Return, exactly as written, the lines of the material from its top through the line with "商品研究 「OSORA CAFE」のおまかせMIXパフェ", keeping pictures out.

══════════

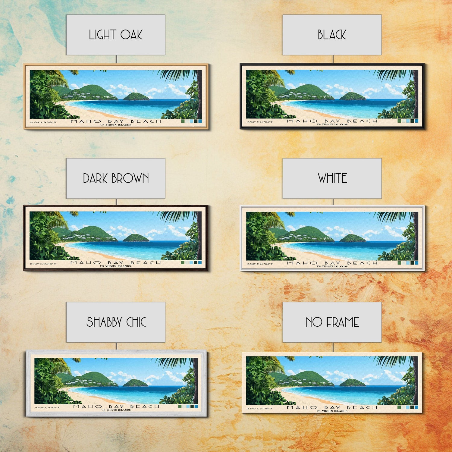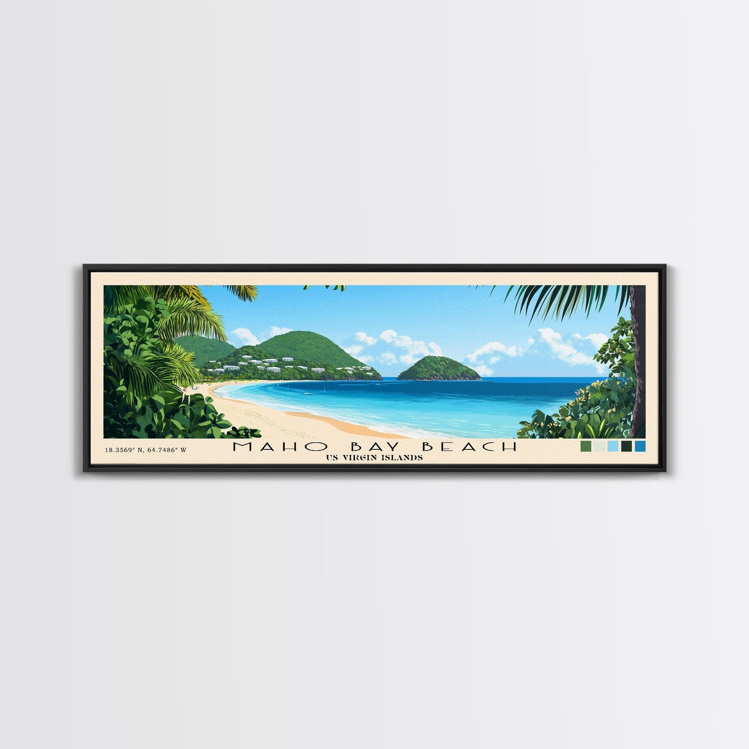 Maho Bay Beach, US Virgin islands Panoramic Beach Print, Vacation Gift, US Virgin islands Wall Art, Framed Canvas Print, Framed Beach Painting
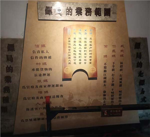 其次我們?nèi)チ酥袊S局博物館和日升昌票號(hào),中國鏢局博物館它全面地講述了鏢局的發(fā)展歷史,介紹了鏢局在封建社會(huì)后期對(duì)商品流通領(lǐng)域做出的特殊貢獻(xiàn)。從鏢局的業(yè)務(wù)范圍,我們可以了解到古代鏢局的責(zé)任之重大。日升昌票號(hào)。它是銀行業(yè)的鼻祖,也是中國民族銀行業(yè)的先河??吹竭@些也正是我們物流行業(yè)所涉及到的,我們也要牢記使命,做到客戶至上、服務(wù)至上。
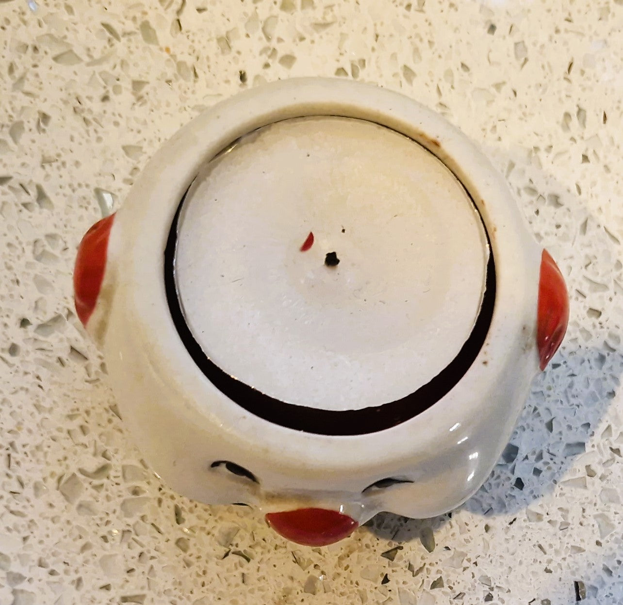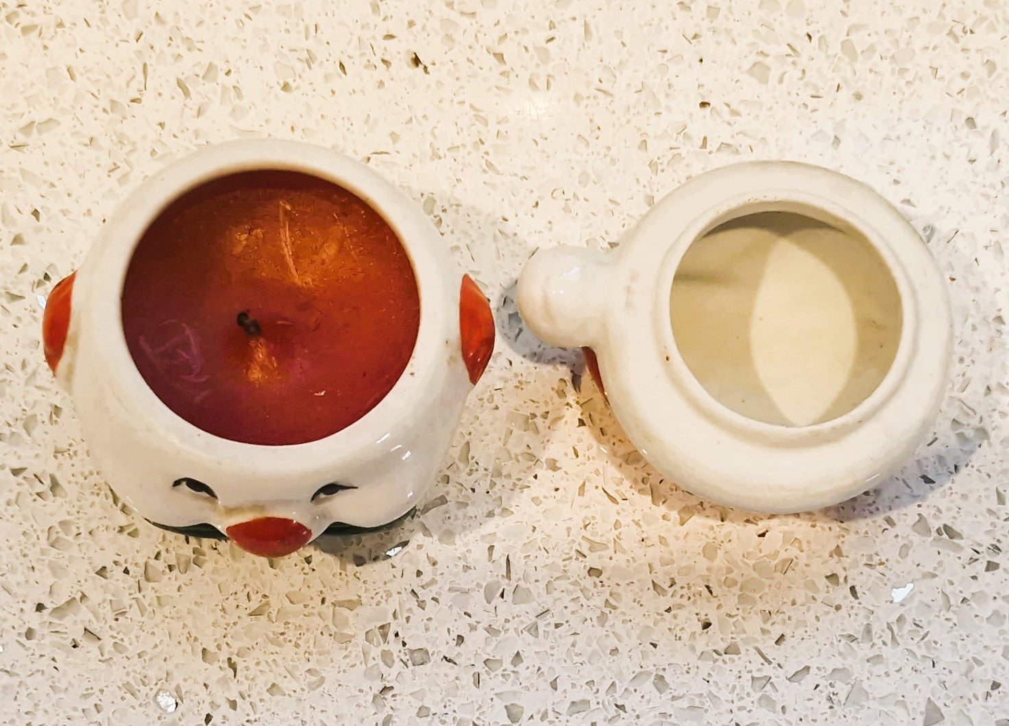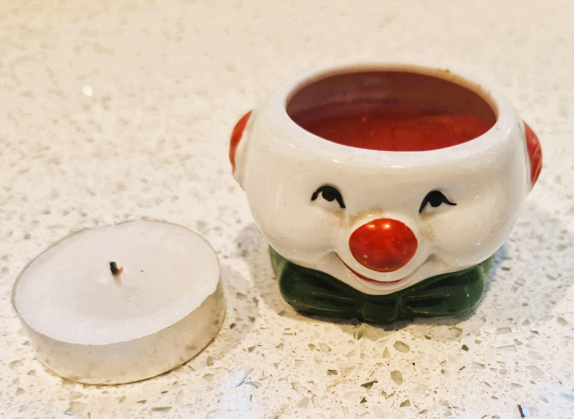Very good condition, no cracks, chips or damage of any kind, Lovely cute quirky pre loved Tea light holder from Woolworths, with a santa hat to help put candle out when not in use. Candle has been part used, but holder is obviously designed to replace the candle and I have checked size and nicely fits tea light size candles as pictures show
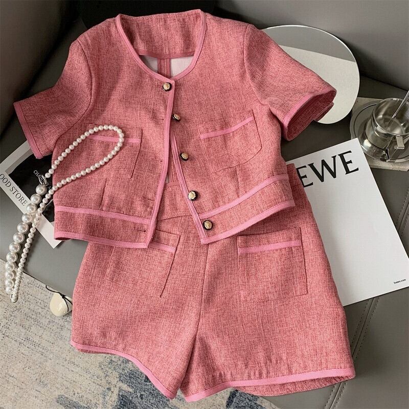 のみくまツーピースレディースセット2022夏服半袖Oネックコートトップ+ウエストショーツスーツ ショート ハーフスリーブ サマー 夏物 ブルマー kor89086624966
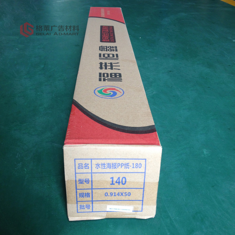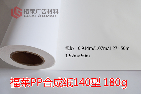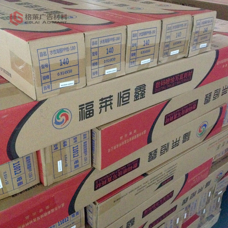 PP合成纸是广告制作中最常用的基本耗材。材料本身没有胶,染料墨水打印的是水性背胶,不防水,涂层遇水即化,所以必须覆膜户内使用。涂布水性吸墨涂层,具有良好的打印防滑性能,产品打画色彩艳丽,价格低廉,墨水干燥速度快;
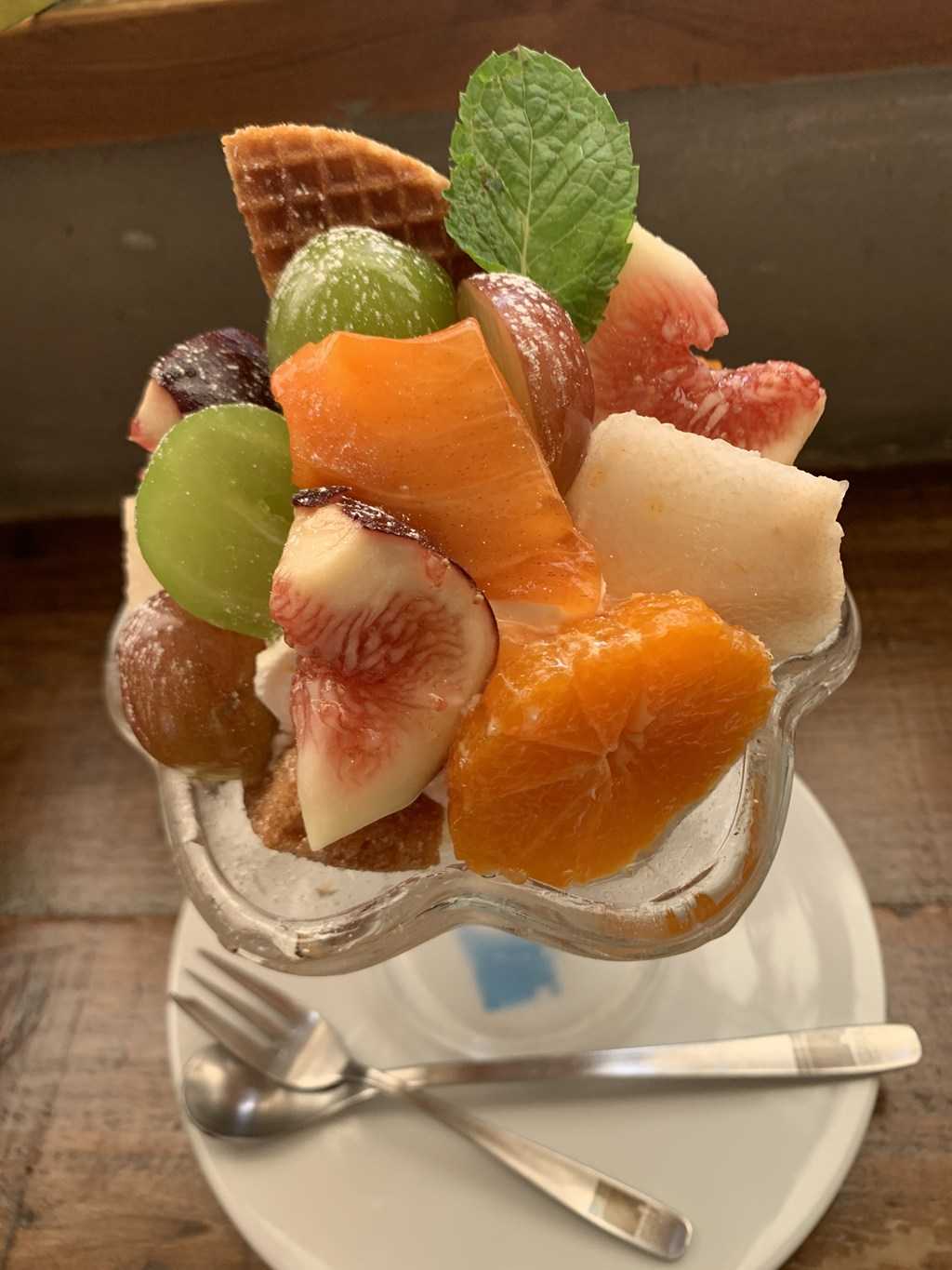 商品研究 「OSORA CAFE」のおまかせMIXパフェ 過去の勉強録より「OSORA CAFE」のおまかせMIXパフェ黒板にあった無花果を入れて欲しいとリクエストしています。黒無花果ネグローネ、有田のみかん甘い、鳥取の鬼太郎柿、生クリームがうまい、でかいサクサク、鳥取の梨(銘柄覚えきれず)、ブラックシャンマスカット富士の輝き、シャインマスカット、アイスクリーム、あいすくの下には鬼太郎柿のジュレ
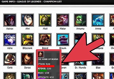 Pick a champion. You can try different champions out each week. Find your style. There are several roles you can play in the League. Marksman (ADC/Attack Damage Carry), Mage (APC/Ability Power Carry), Tank, Support, and Jungler. Each play an important role in the game. The Marksman attacks from range, dealing physical damage. The marksman are accompanied by the support character. The Mage, or APC, attacks and deals magic damage using a variety of spells. The tank is the "front line" for the team. They build defensively, able to progressively take more and more damage. The support aids the ADC (and later on the entire team). Whether the support has a slow, a stun (which is called crowd-control, or CC), or abilities to heal the ADC, they're very useful in the laning phase and are very important. The ADC depends on the support to get them "fed" (a lot of kills so they can be more useful late game). The Jungler goes around to camps on the map, and killing them. At the same time, they can gank (ambush the enemy team for a kill) for their team, and provide kills for themselves or the lanes they're ganking. Good j=Junglers know routes, buffs, have good map awareness, and know when to gank.
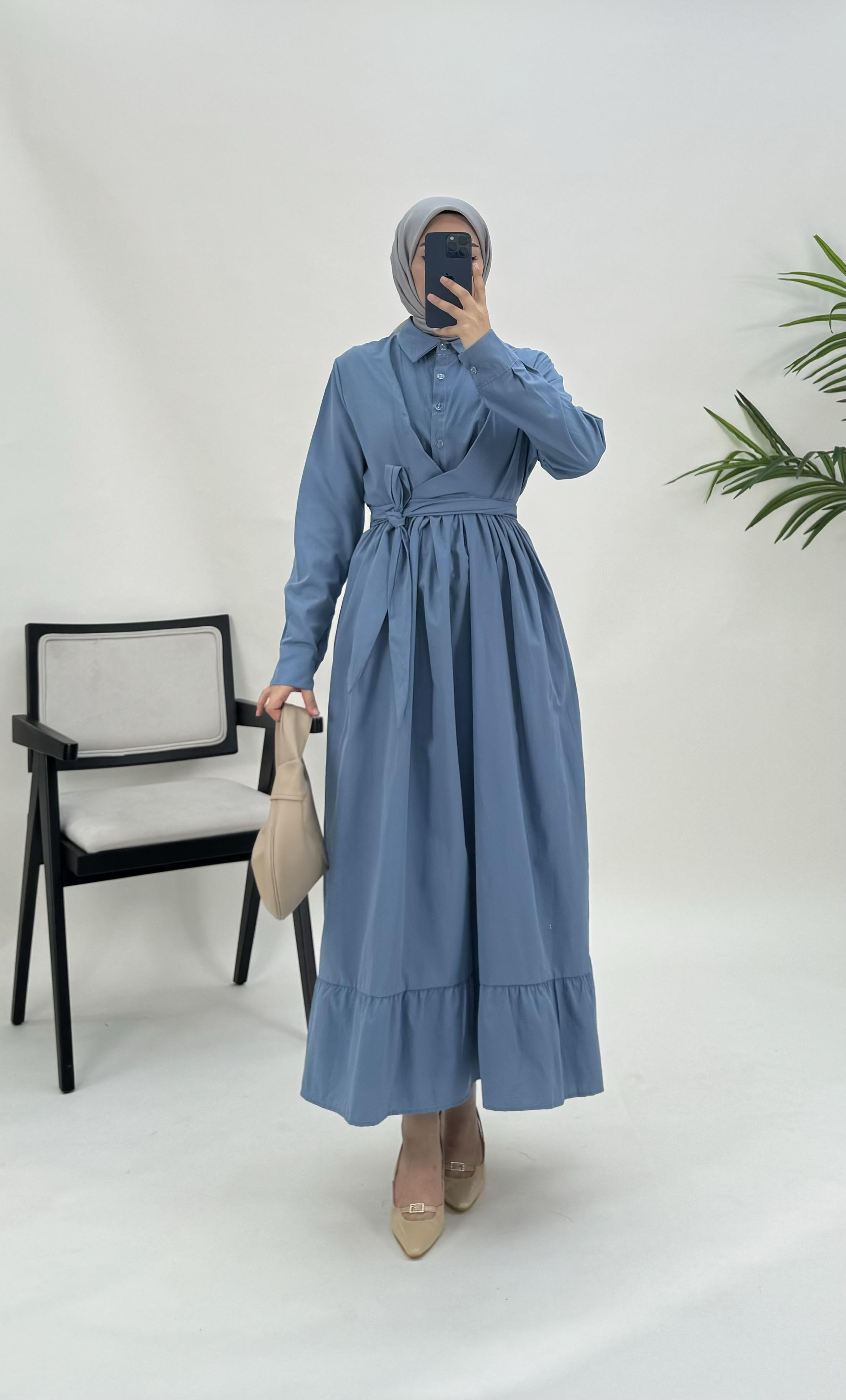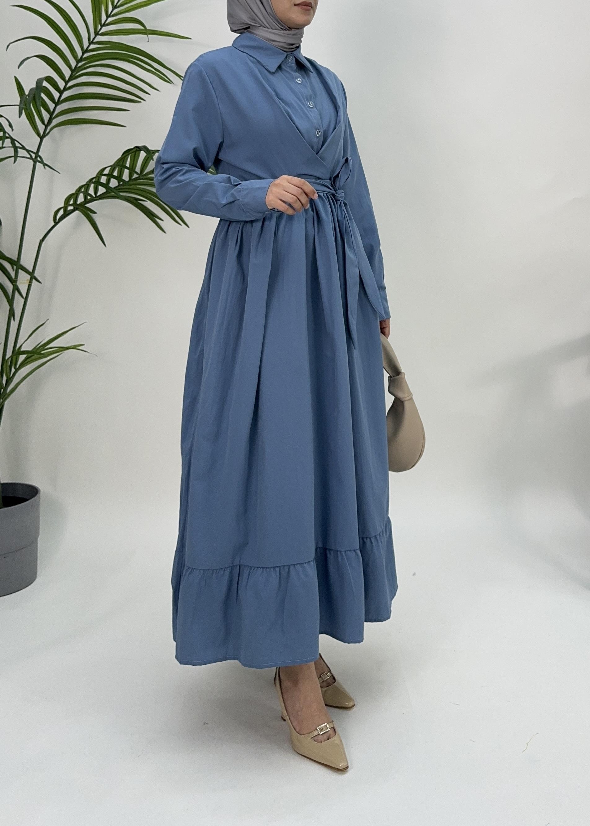2501-terikoton kumaş-önden bağlama detaylı alt kısmı fırfırlı elbise-bebe mavisi (2501)
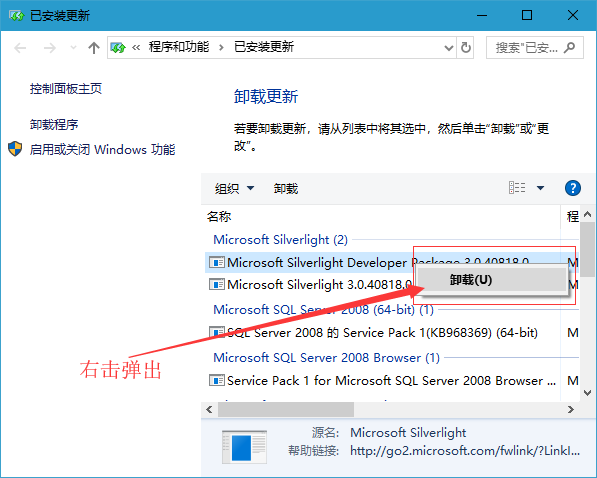 4、已安装更新路径,控制面板 - 所有控制面板项 - 程序和功能 - 已安装更新,然后在列表中找到有问题的更新,点击右键,卸载即可;
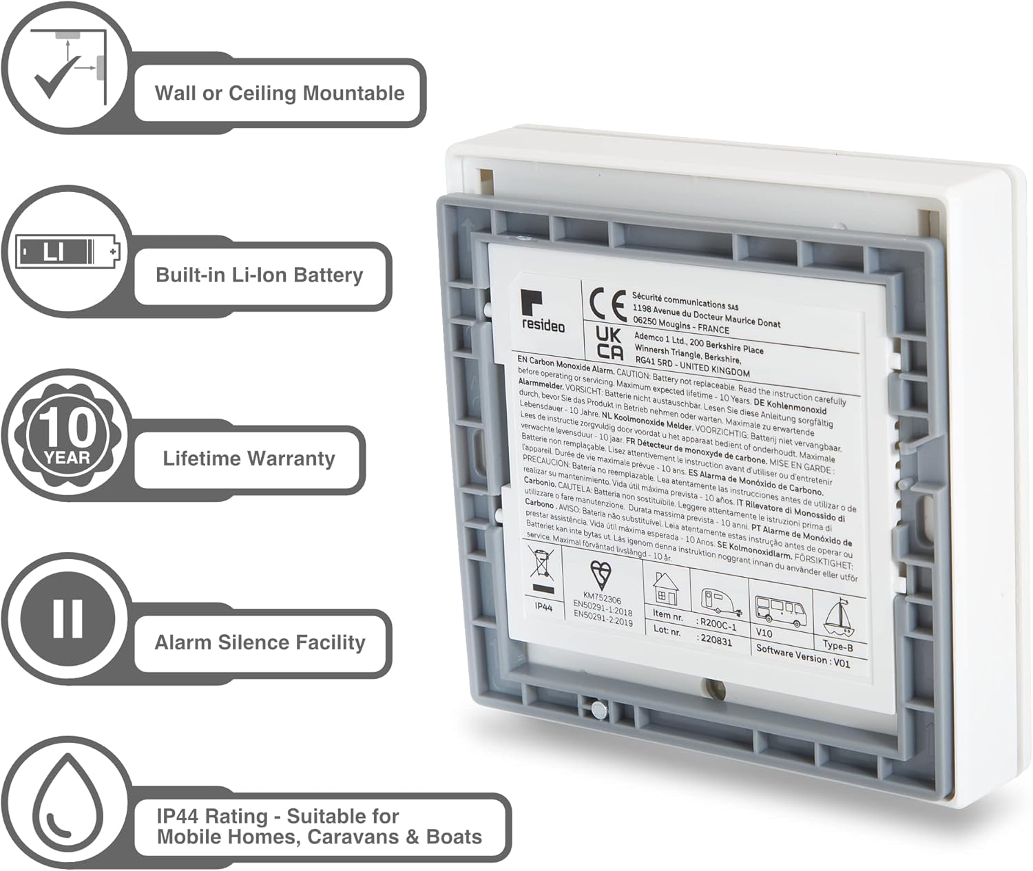 Honeywell R200C-1 CO Carbon Monoxide Detector 10 Year Battery CO2 Alarm R200 for Home Caravan Mobile Homes Boats
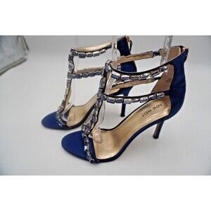 Nine West Navy Blue Satin Crystal Embellished Ankle Strap Evening Stiletto 9.5M
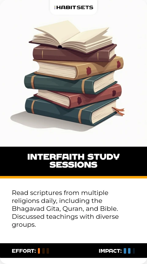 Read scriptures from multiple religions daily, including the Bhagavad Gita, Quran, and Bible. Discussed teachings with diverse groups.
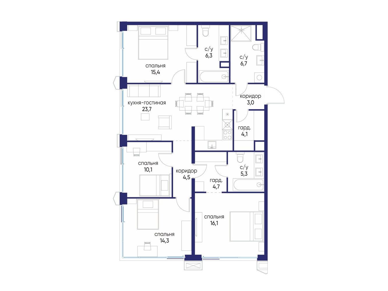 4 комнатная квартира
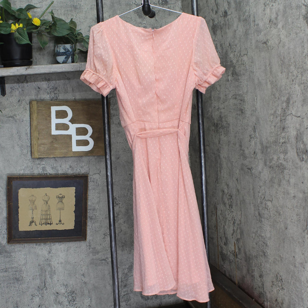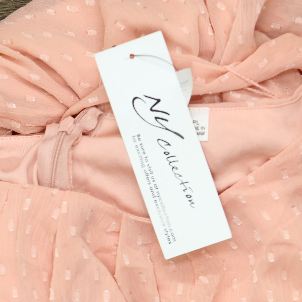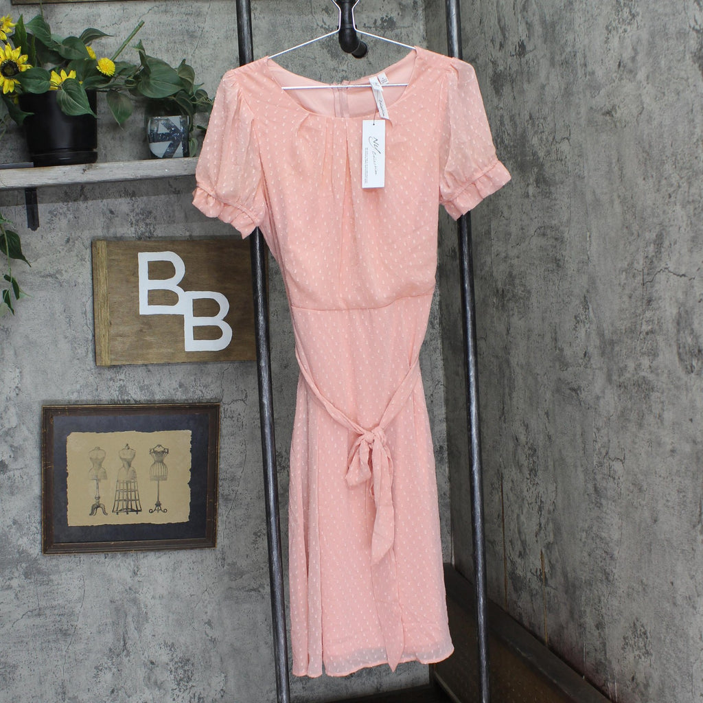 Ny Collection Petite Short Sleeve Belted Swiss Dot Dress Mellow Rose Pink PL

══════════

* **Output below**
 Maho Bay Beach, US Virgin islands Panoramic Beach Print, Vacation Gift, US Virgin islands Wall Art, Framed Canvas Print, Framed Beach Painting
 其次我們?nèi)チ酥袊S局博物館和日升昌票號(hào),中國鏢局博物館它全面地講述了鏢局的發(fā)展歷史,介紹了鏢局在封建社會(huì)后期對(duì)商品流通領(lǐng)域做出的特殊貢獻(xiàn)。從鏢局的業(yè)務(wù)范圍,我們可以了解到古代鏢局的責(zé)任之重大。日升昌票號(hào)。它是銀行業(yè)的鼻祖,也是中國民族銀行業(yè)的先河??吹竭@些也正是我們物流行業(yè)所涉及到的,我們也要牢記使命,做到客戶至上、服務(wù)至上。
Very good condition, no cracks, chips or damage of any kind, Lovely cute quirky pre loved Tea light holder from Woolworths, with a santa hat to help put candle out when not in use. Candle has been part used, but holder is obviously designed to replace the candle and I have checked size and nicely fits tea light size candles as pictures show
 のみくまツーピースレディースセット2022夏服半袖Oネックコートトップ+ウエストショーツスーツ ショート ハーフスリーブ サマー 夏物 ブルマー kor89086624966
 PP合成纸是广告制作中最常用的基本耗材。材料本身没有胶,染料墨水打印的是水性背胶,不防水,涂层遇水即化,所以必须覆膜户内使用。涂布水性吸墨涂层,具有良好的打印防滑性能,产品打画色彩艳丽,价格低廉,墨水干燥速度快;
 商品研究 「OSORA CAFE」のおまかせMIXパフェ 過去の勉強録より「OSORA CAFE」のおまかせMIXパフェ黒板にあった無花果を入れて欲しいとリクエストしています。黒無花果ネグローネ、有田のみかん甘い、鳥取の鬼太郎柿、生クリームがうまい、でかいサクサク、鳥取の梨(銘柄覚えきれず)、ブラックシャンマスカット富士の輝き、シャインマスカット、アイスクリーム、あいすくの下には鬼太郎柿のジュレ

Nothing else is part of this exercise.